(Material shown Opens)

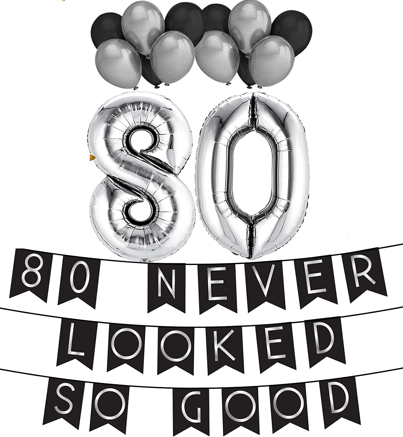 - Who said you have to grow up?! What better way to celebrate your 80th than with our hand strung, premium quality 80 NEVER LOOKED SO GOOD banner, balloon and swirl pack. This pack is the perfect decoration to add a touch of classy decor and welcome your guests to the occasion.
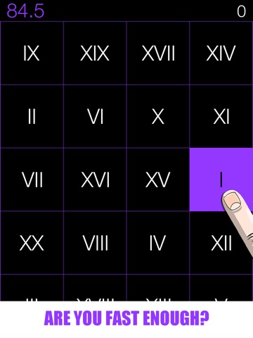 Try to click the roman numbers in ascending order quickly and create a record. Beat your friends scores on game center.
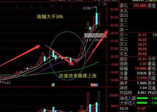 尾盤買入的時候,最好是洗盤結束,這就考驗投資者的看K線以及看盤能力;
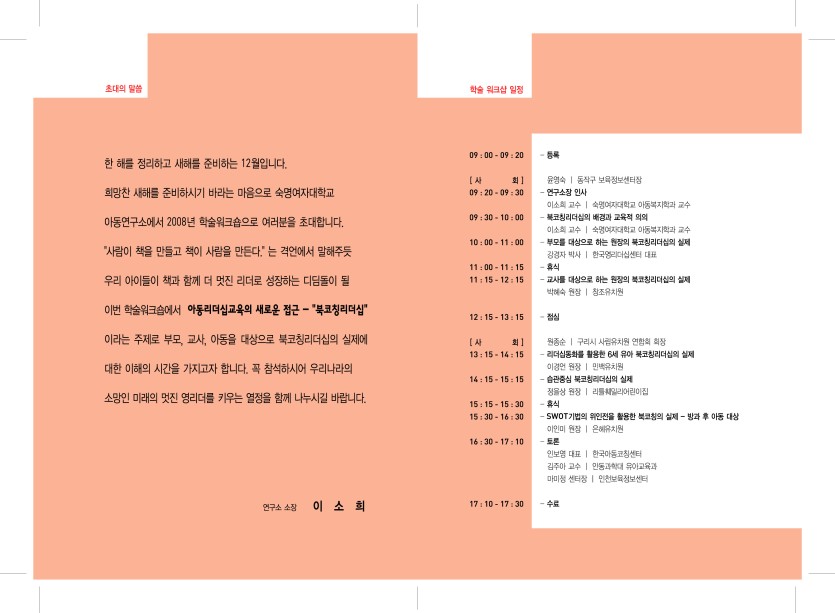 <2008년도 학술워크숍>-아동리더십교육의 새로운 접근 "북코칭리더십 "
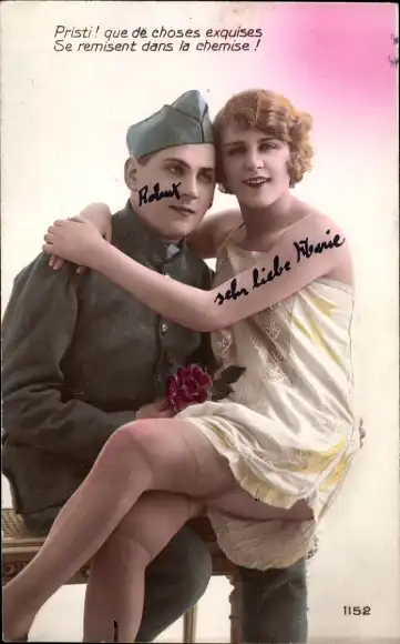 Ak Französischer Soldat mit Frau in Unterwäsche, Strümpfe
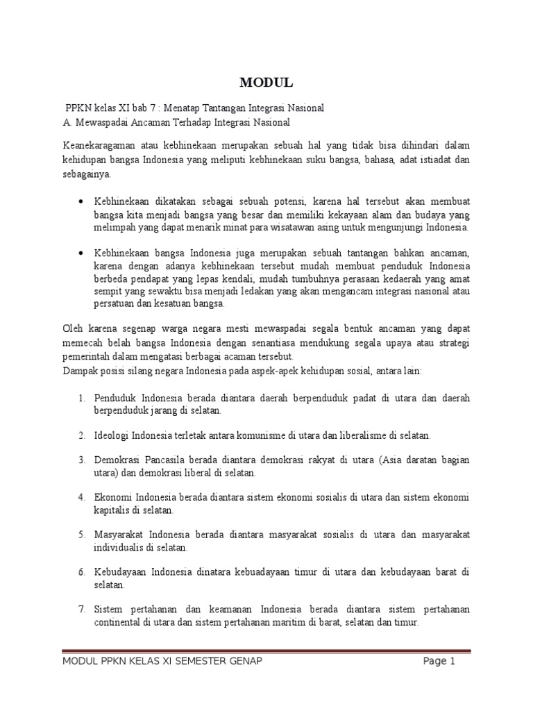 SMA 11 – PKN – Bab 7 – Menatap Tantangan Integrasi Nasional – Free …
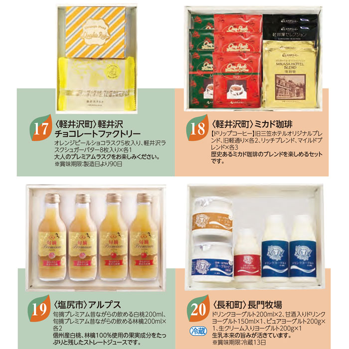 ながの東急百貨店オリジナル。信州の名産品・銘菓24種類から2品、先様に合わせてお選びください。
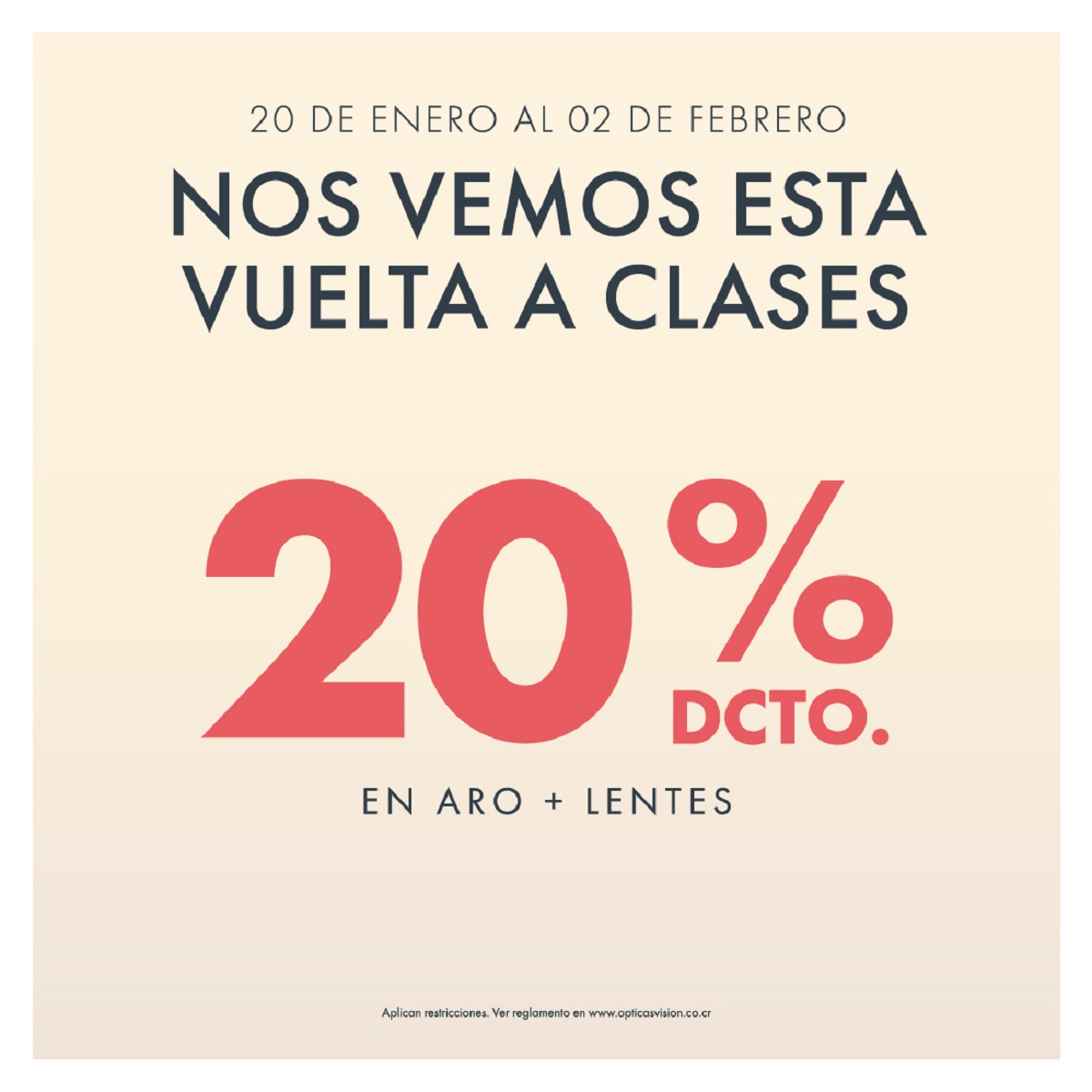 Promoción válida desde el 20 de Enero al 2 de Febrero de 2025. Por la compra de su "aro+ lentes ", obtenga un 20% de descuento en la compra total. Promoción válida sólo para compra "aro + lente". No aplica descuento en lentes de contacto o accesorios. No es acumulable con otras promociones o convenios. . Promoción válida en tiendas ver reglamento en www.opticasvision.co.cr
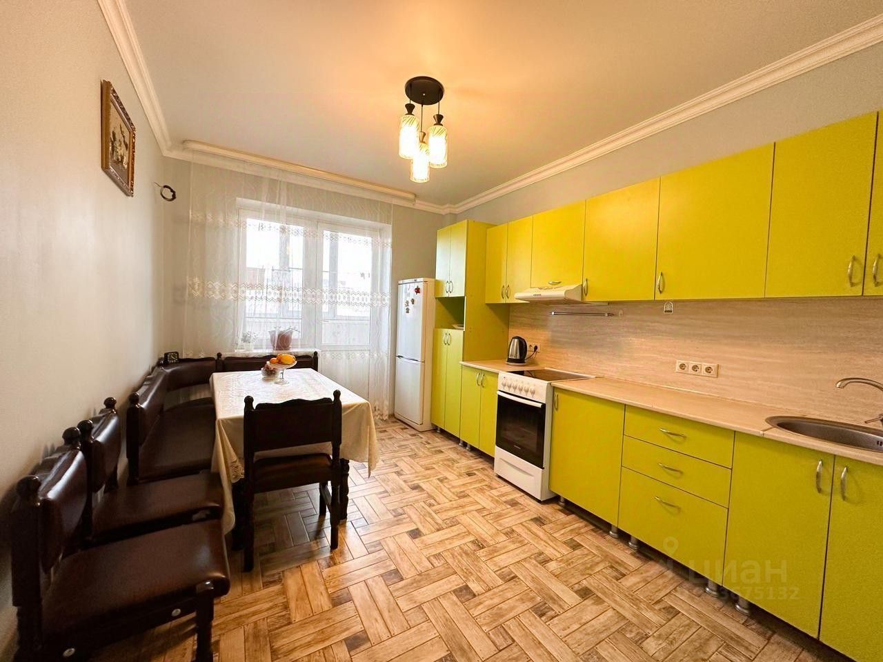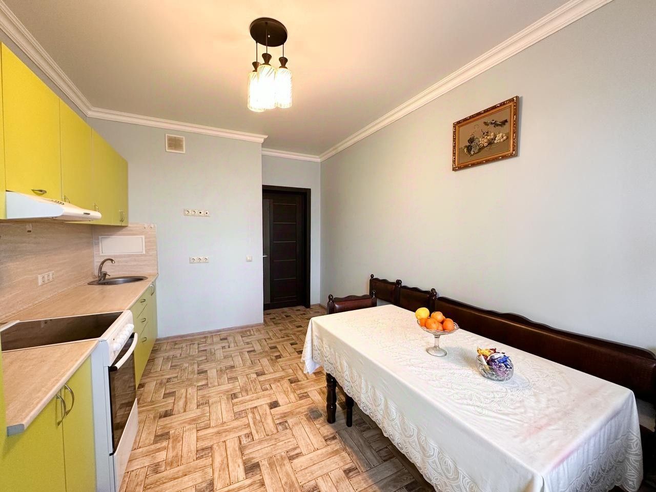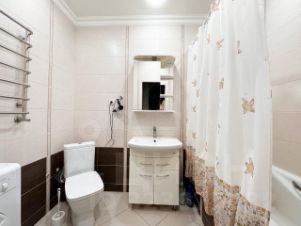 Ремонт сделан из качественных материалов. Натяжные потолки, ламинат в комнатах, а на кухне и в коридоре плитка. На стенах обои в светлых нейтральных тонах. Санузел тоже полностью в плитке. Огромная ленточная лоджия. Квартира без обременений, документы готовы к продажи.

(Material shown Closes)

Please retype the lines from the one that contains "Try to click" to the final line of the records, both included, exactly as written and without any pictures.

_Exercise response_
 Try to click the roman numbers in ascending order quickly and create a record. Beat your friends scores on game center.
 尾盤買入的時候,最好是洗盤結束,這就考驗投資者的看K線以及看盤能力;
 <2008년도 학술워크숍>-아동리더십교육의 새로운 접근 "북코칭리더십 "
 Ak Französischer Soldat mit Frau in Unterwäsche, Strümpfe
 SMA 11 – PKN – Bab 7 – Menatap Tantangan Integrasi Nasional – Free …
 ながの東急百貨店オリジナル。信州の名産品・銘菓24種類から2品、先様に合わせてお選びください。
 Promoción válida desde el 20 de Enero al 2 de Febrero de 2025. Por la compra de su "aro+ lentes ", obtenga un 20% de descuento en la compra total. Promoción válida sólo para compra "aro + lente". No aplica descuento en lentes de contacto o accesorios. No es acumulable con otras promociones o convenios. . Promoción válida en tiendas ver reglamento en www.opticasvision.co.cr
 Ремонт сделан из качественных материалов. Натяжные потолки, ламинат в комнатах, а на кухне и в коридоре плитка. На стенах обои в светлых нейтральных тонах. Санузел тоже полностью в плитке. Огромная ленточная лоджия. Квартира без обременений, документы готовы к продажи.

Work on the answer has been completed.